Question

The mean per capita income is 15,451 dollars per annum with a variance of 298,116. What is the probability that the sample mean would differ from the true mean by less than 22 dollars if a sample of 350 persons is randomly selected?
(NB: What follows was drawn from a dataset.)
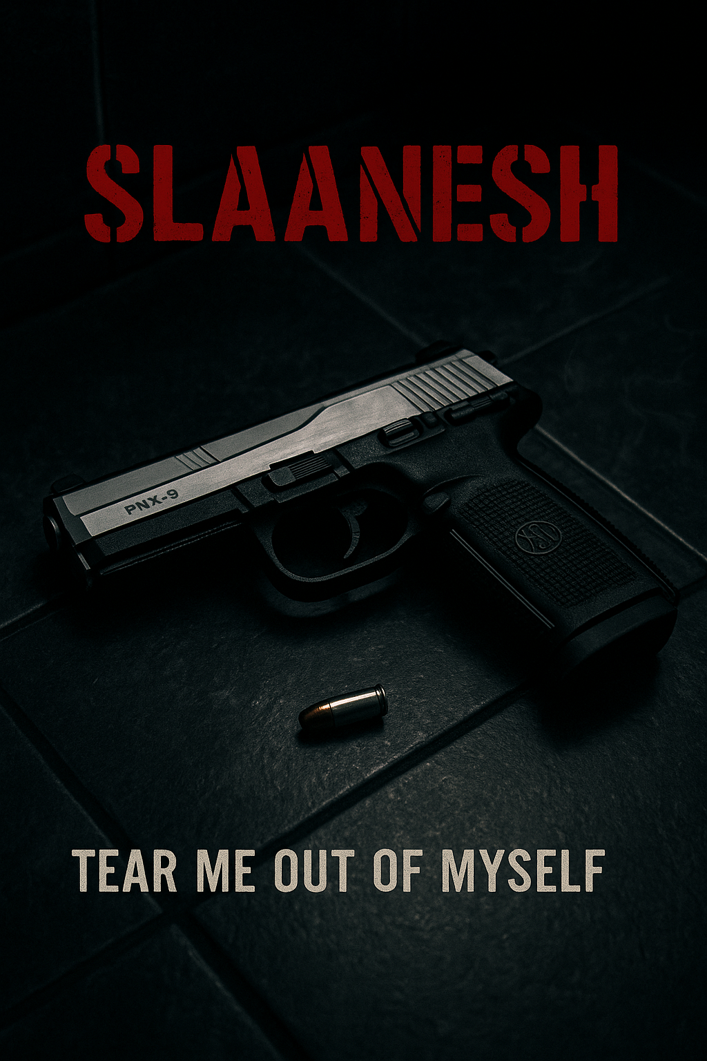 Early 2000s Nu-Metal and Dark Alternative Metal with a bruised emotional edge, Male vocals switching between whispered, shaky verses and full-throated, layered screams in the chorus, Delivery is broken, exhausted, trembling, with occasional desperate squeals and cracked yelps, Downtuned 7-string guitars, tight punchy drums, moody bass, slow industrial grind textures, and Middle-Eastern-tinged melodic lines woven into the background, Spoken/sung hybrid vocals with raw aggression and hopeless vulnerability, Heavy tribal drum accents, ambient tension, and grinding metallic undertones, Mood is dark, angry, vulnerable, internal, spiraling, Theme focuses on falling back into old addictions, losing control of yourself, self-sabotage, and emotional collapse, Tempo sits in a mid-to-heavy groove with thick, oppressive atmosphere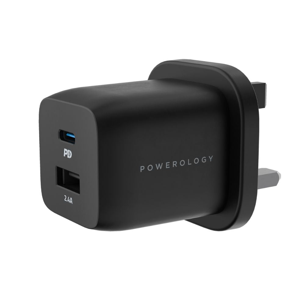 Powerology Ultra-Quick 32W GaN Charger 20W PD & Includes 1.2m/4Ft USB-C to Lightning Cable

Round your answer to four decimal places.

Answer 1

Answer: 0.5467

Explanation:

Let X be the random variable that represents the income (in dollars) of a randomly selected person.

Given :
`\mu=15451`

`\sigma^2=298116\\\\\Rightarrow\ \sigma=√(298116)=546`

Sample size : n=350

z-score :
`(x-\mu)/((\sigma)/(√(n)))`

To find the probability that the sample mean would differ from the true mean by less than 22 dollars, the interval will be

`\mu-22,\ \mu+22\\\\=15,451 -22,\ 15,451 +22\\\\=15429,\ 15473`

For x=15429

`z=(15429-15451)/((546)/(√(350)))\approx-0.75`

For x=15473

`z=(15473-15451)/((546)/(√(350)))\approx0.75`

The required probability :-

`P(15429<X<15473)=P(-0.75<z<0.75)\\\\=1-2(P(z<0.75))=1-2(0.2266274)=0.5467452\approx0.5467`

Hence, the required probability is 0.5467.